The impact on home movers has been even more severe than on FTBs. Without the aid of family support or Stamp Duty exemptions, home movers saw a 26% drop in loan numbers, the lowest since 1974. This significant decline underscores the growing barriers to homeownership and mobility within the housing market.

Signs of Recovery Amidst Continuing Challenges

Despite the grim outlook, there was a silver lining towards the end of 2023. The number of mortgage applications saw an uptick in the fourth quarter, signaling a potential revival in market activity spurred by easing inflation and the anticipation of lower borrowing costs.

However, the effects of last year’s price hikes still loom large, with many households having to tighten their belts further, especially on non-essential spending. Yet, it’s not all doom and gloom. The report highlights a commendable management of unsecured debt, with a reduction in overdraft debt and a lower proportion of interest-bearing credit card balances, pointing to a cautious approach towards financial obligations amidst ongoing economic pressures.

Looking Ahead

Mortgages in arrears rose throughout 2023, yet remained under one percent of the total mortgages, suggesting that stress tests for borrowers are holding strong against the tide.

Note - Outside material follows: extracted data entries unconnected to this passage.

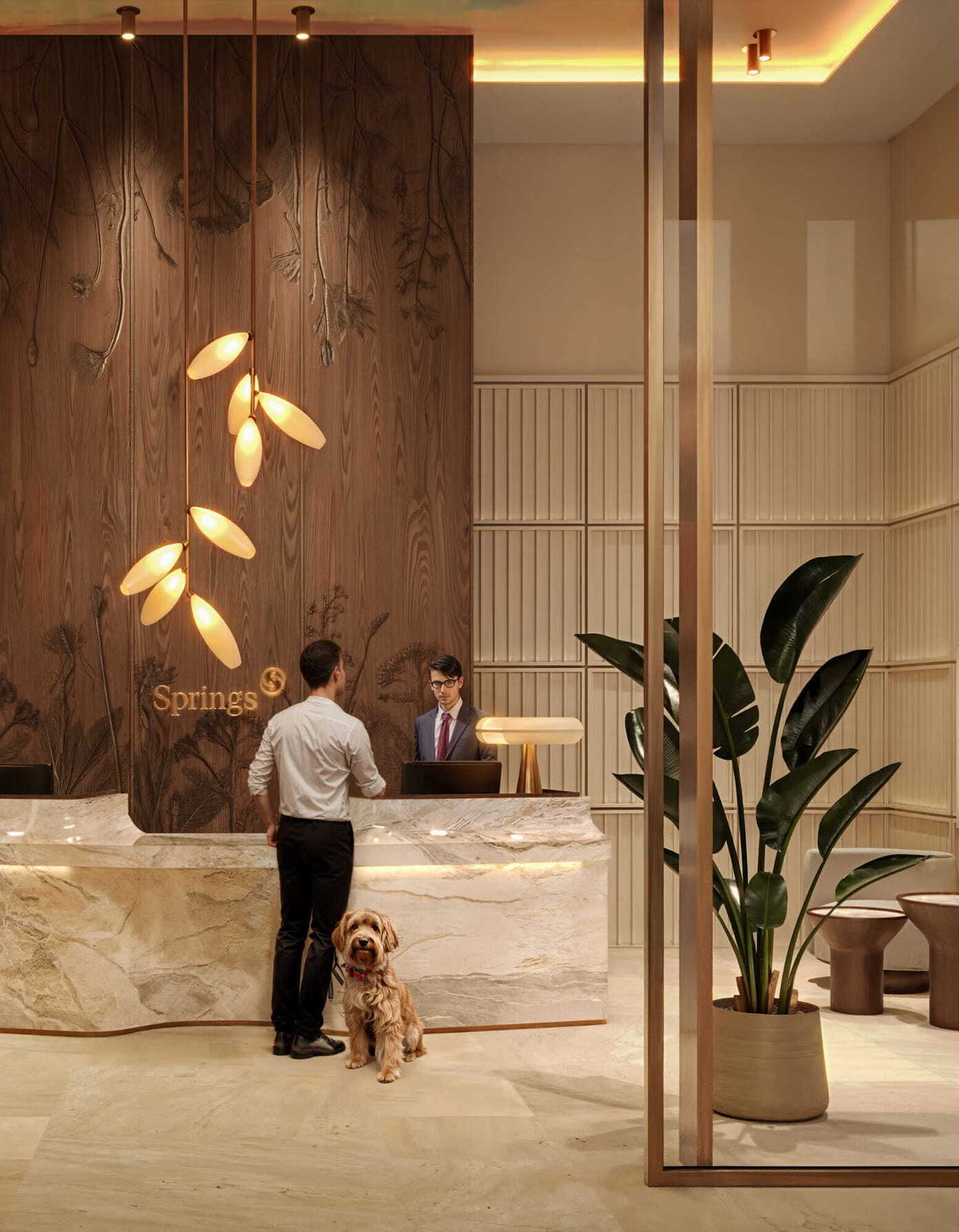 Лобби и ресторан на первом этаже — это центр притяжения для встреч и качественного отдыха. Гранд-лобби из натуральных материалов служит местом для пауз и непринужденного общения, перенося атмосферу домашнего спокойствия за пределы квартиры. А ресторан позволяет сменить обстановку и провести вечер с близкими, не выходя за территорию дома. Эти пространства дополняют концепцию Springs, где каждая деталь поддерживает ощущение эмоционального комфорта и позволяет оставаться в своем месте силы, не выпадая из привычного ритма жизни.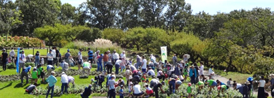 はじめにセレモニーが開催され、東山植物園園長からのご挨拶、園職員の方より作業手順のご説明、続いて参加者全員で写真撮影を行いました。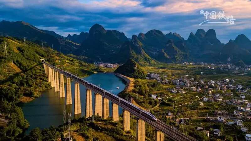 夕阳下的复兴号穿过贵广高铁幸福源大桥,与阳朔山水相映成辉。王峰 摄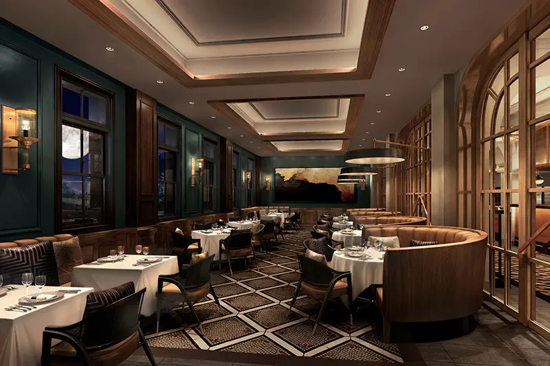 ▲位於3樓的Restaurant RASPBERRY with MOON BAR,以大阪周邊生產的在地食材,特製出一道道創意法式料理,店內也保有歷史建築的典雅風格。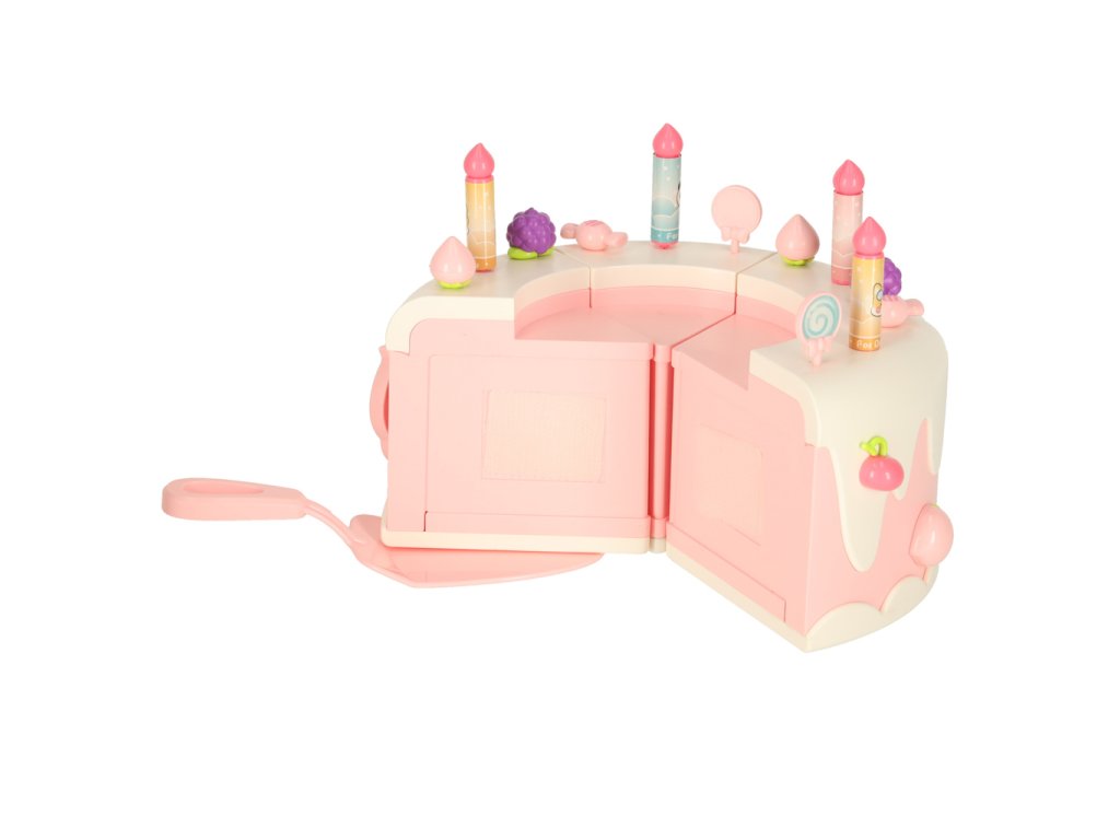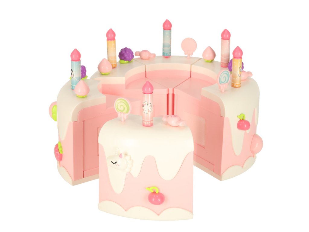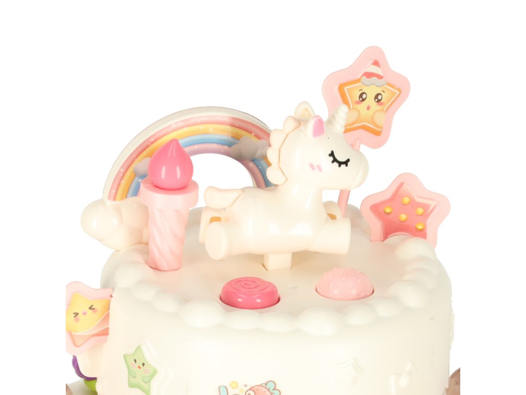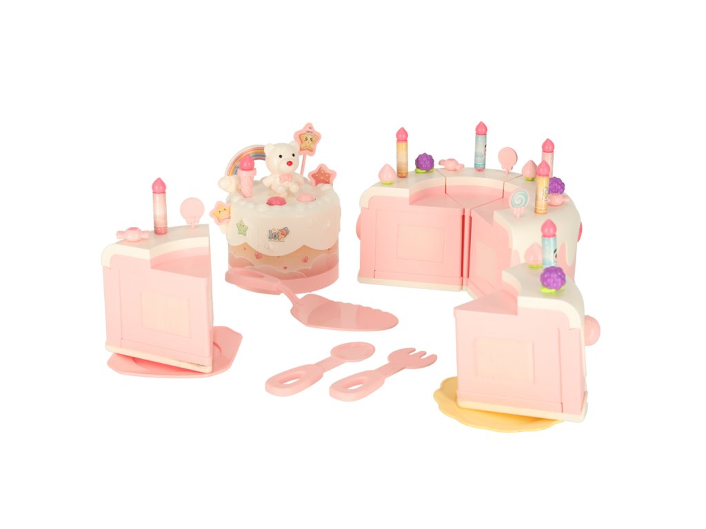 Interaktívna narodeninová torta so zvukom a pohybom, s figúrkami, sviečkami a príborom. Obsahuje 16 dielov. Ideálna pre deti od 3 rokov. Vysoká 22 cm, s detailnými rozmermi príslušenstva. Zábava plná farieb a hudby!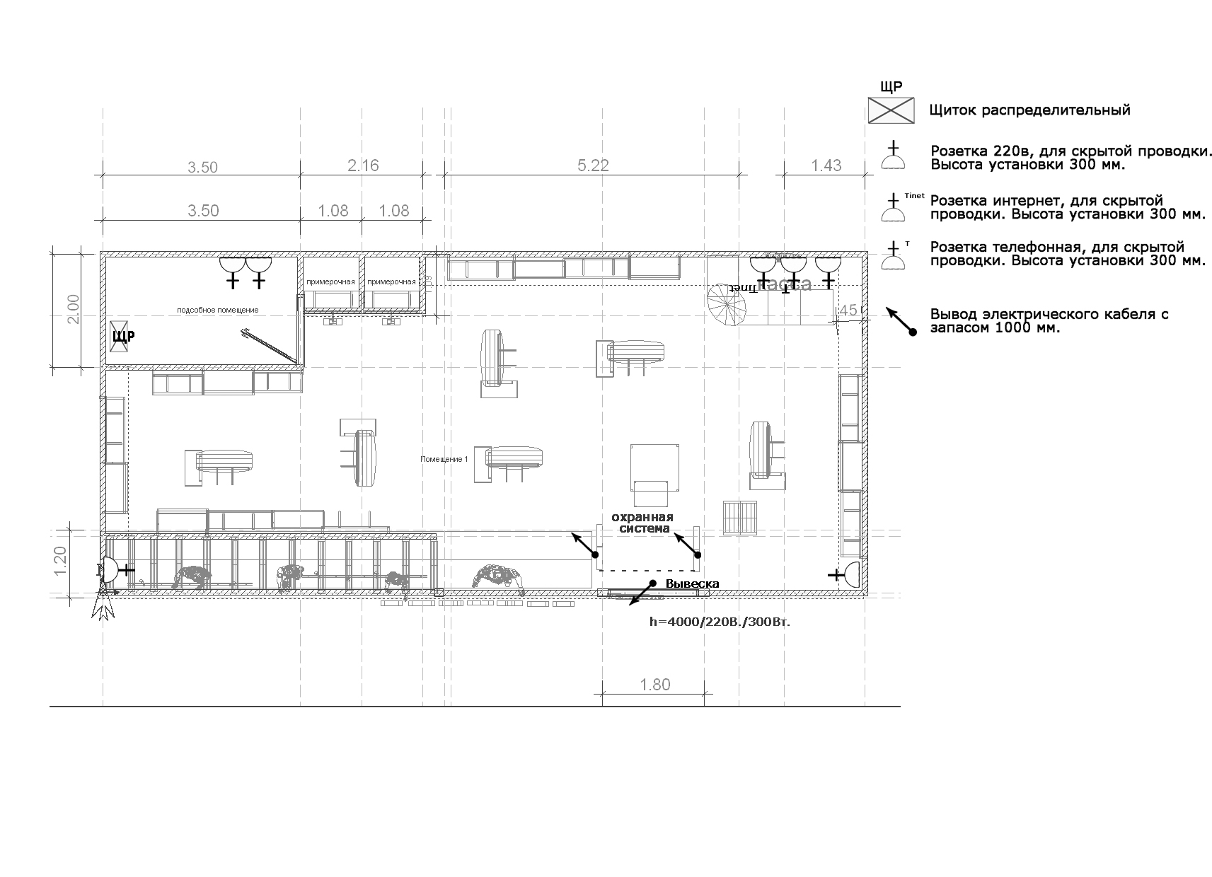 Планировка, расстановка оборудования, схема по электрике и освещению.

Nonetheless, an increase in arrears is anticipated for 2024, albeit at a slower pace than last year.

The number of home repossessions stayed relatively steady, with most cases dating back to pre-pandemic times, indicating a resilience in the face of adversity for many.

Eric Leenders of UK Finance reflects on the past year as a difficult period for UK households, with affordability remaining a critical barrier. Yet, he also notes the proactive steps by many to manage their debt and encourages those struggling to reach out to their lenders for support.